Monday, May 21, 2012

Process Talk: Divya Srinivasan on Little Owl's Night


I'm so pleased to be talking to author-illustrator Divya Srinivasan about her beautiful, whimsical picture book, Little Owl's Night. which debuted last year to many glowing reviews.

Little Owl wanders around the forest, encountering a variety of animals, seeing the fog roll in, seeing the moths flutter toward the moon. Listen to this line: "Silver dust fell from their wings." So simple, and absolutely the right words. Little Owl's Night captures a young child's whimsy without ever straying into the dreaded terrain of cutesy. And the bats--don't forget to look for those bats! Welcome, Divya.

[Uma] Talk about the reversal of the usual dawn-to-dusk cycle in this book--where did that come from for you?

[Divya] I first thought about the visuals and what setting would be fun for me to draw. A night forest with twinkling stars and a bright full moon seemed beautiful and mysterious. I made the main character a little owl so we could see what all and who all he sees as he flies through a world that is cozy and familiar to him, but one that a child who is asleep at night might be curious about and would like to imagine.

[Uma] And it's a vision driven by that beautiful, wide-eyed rendition of Little Owl. Divya, how much did this change from your early visions of it?

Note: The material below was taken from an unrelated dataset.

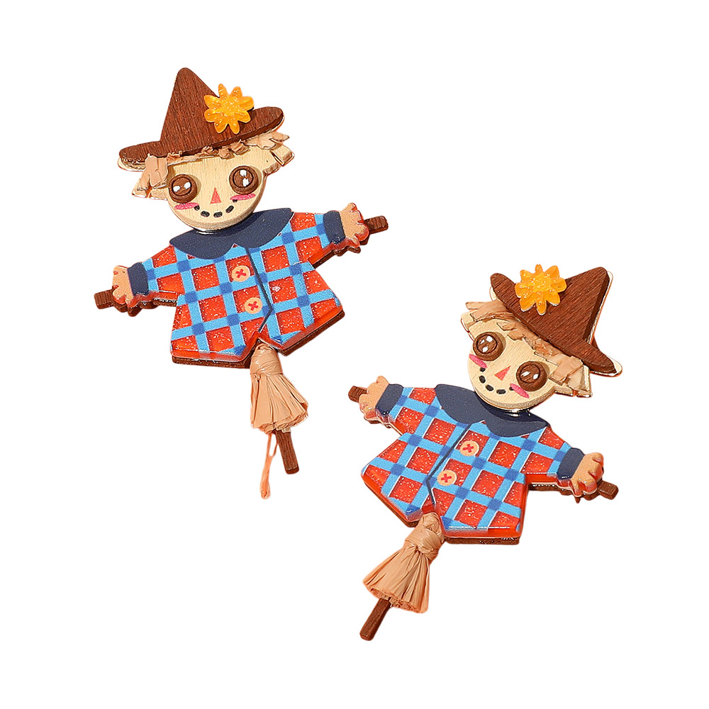 Details • Size : 1.5" X 2.4" • Post Back • Whimsical scarecrow drop earrings designed to celebrate autumn in playful style. Ideal for seasonal events, Thanksgiving, or festive looks, these earrings bring charm and personality to any outfit. • Lead and Nickel Compliant

[Divya] My first version of the book was 40 pages. In the middle section, a cat tells Little Owl that yes night is beautiful, but daytime is too. This prompts Little Owl to ask his wise mother about the daytime world unknown to him. She tells him about monkeys and lions and other animals that exist in other places. There was also a friendly witch casually flying into the night. I stuck in a lot of elements I loved and hoped for the best.

[Uma] Hear that, drafters? Raise your hand if you do this too! It's a messy business, bringing a story to the page. And then you sent a fully illustrated version off, yes?

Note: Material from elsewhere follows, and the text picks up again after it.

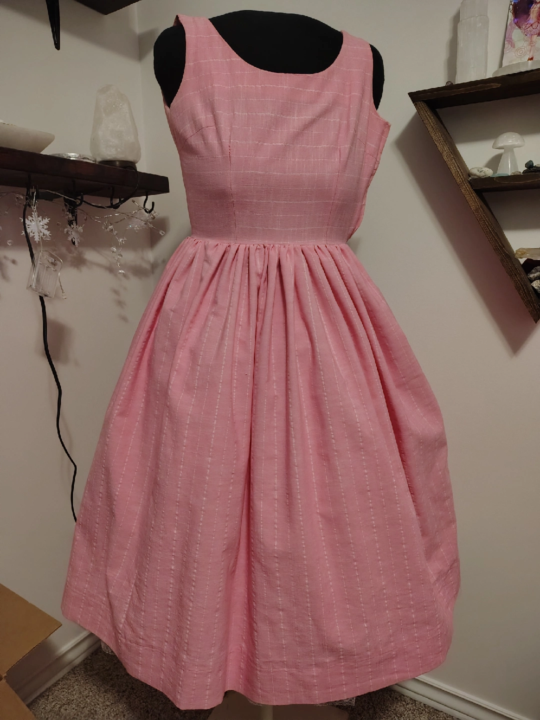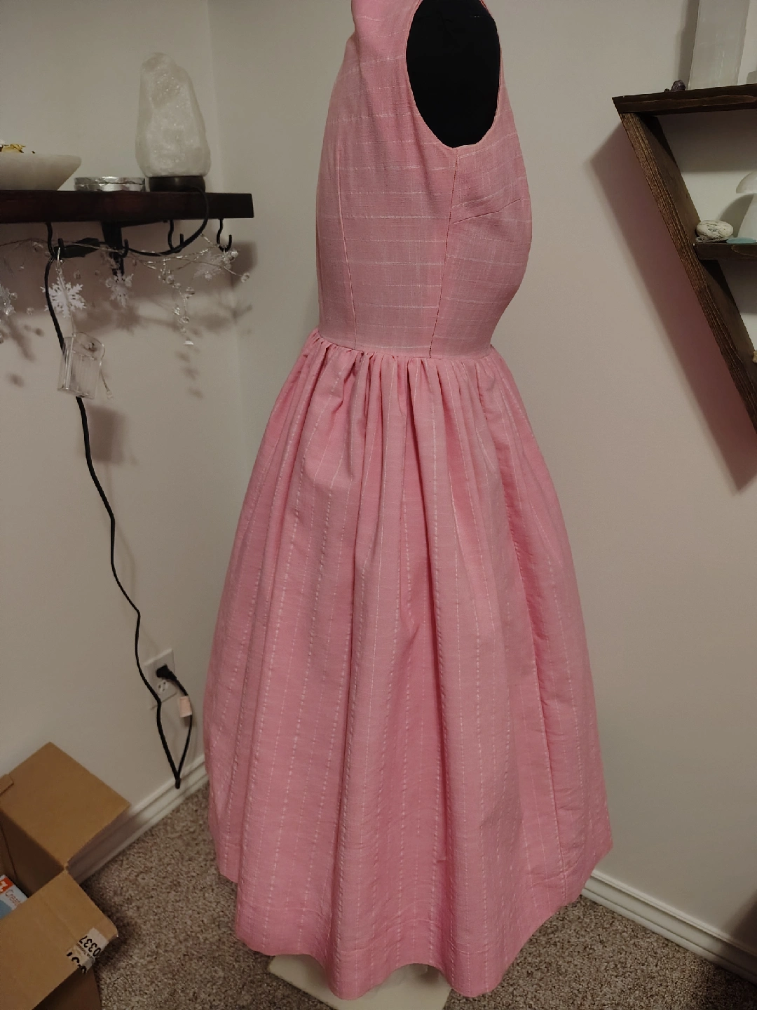 Selling a pretty pink dress that comes with a tulle crinoline! It's in great condition and ready for a new home. the crinoline has a lining so no itchiness when wearing! crinoline and pink dress have a bit of stretch but would fit xs-small best. all custom and handmade, worn twice but kept in good care.

[Divya] I fully illustrated the whole thing and sent it off. Viking Children's Books ended up wanting to publish it, but my editor said it felt like two books in one. She also thought it would be better to keep it to 32 pages. She was right. I removed that middle section, replaced it with a couple of new spreads, and was able to keep much of the rest the same.

[Uma]  There are lovely lyrical elements in the text--the fog rolling in, that silver dust that captivated me. My favorite lines of all are probably these:
"Little Owl sat on his branch.
How he loved the night forest!"
How did you end up balancing poetic language with the young child's sensibility in which this book is so squarely grounded?

[Divya] Thank you! I've mainly been an illustrator and animator, working in visuals, and this was my first attempt at having writing published. I've always kept a journal and, among other things, I write down ideas for scenes and word combinations I like, hoping to use them in a project someday.

My editor really wanted the pictures to stand out without heavy text getting in the way visually. And I loved that. I'm naturally wordy I think, but I also love whittling sentences down to what is essential, finding just the right words that would be fun to hear as well as to read aloud.

[Uma] Want to talk about your next book?

[Divya] I'm working on final illustrations for my next picture book, which is about an octopus. Again, I started thinking about the visuals first, and an underwater setting seemed rich with possibilities for colors, forms, and alien-looking animals. The more I learned about the octopus, I knew that had to be the main character: shy, curious, camouflaging, shape shifting. We're still figuring out the title, but Viking Children's Books is set to release it in Summer 2013.

[Uma] Congratulations, and thanks for stopping by WWBT, Divya! Looking forward to your next. I hope to have you back here when you're closer to publication date.

1 comment:

  1. Yes...Great talk about your process, Divya...again and again, we must learn that art is an act of faith.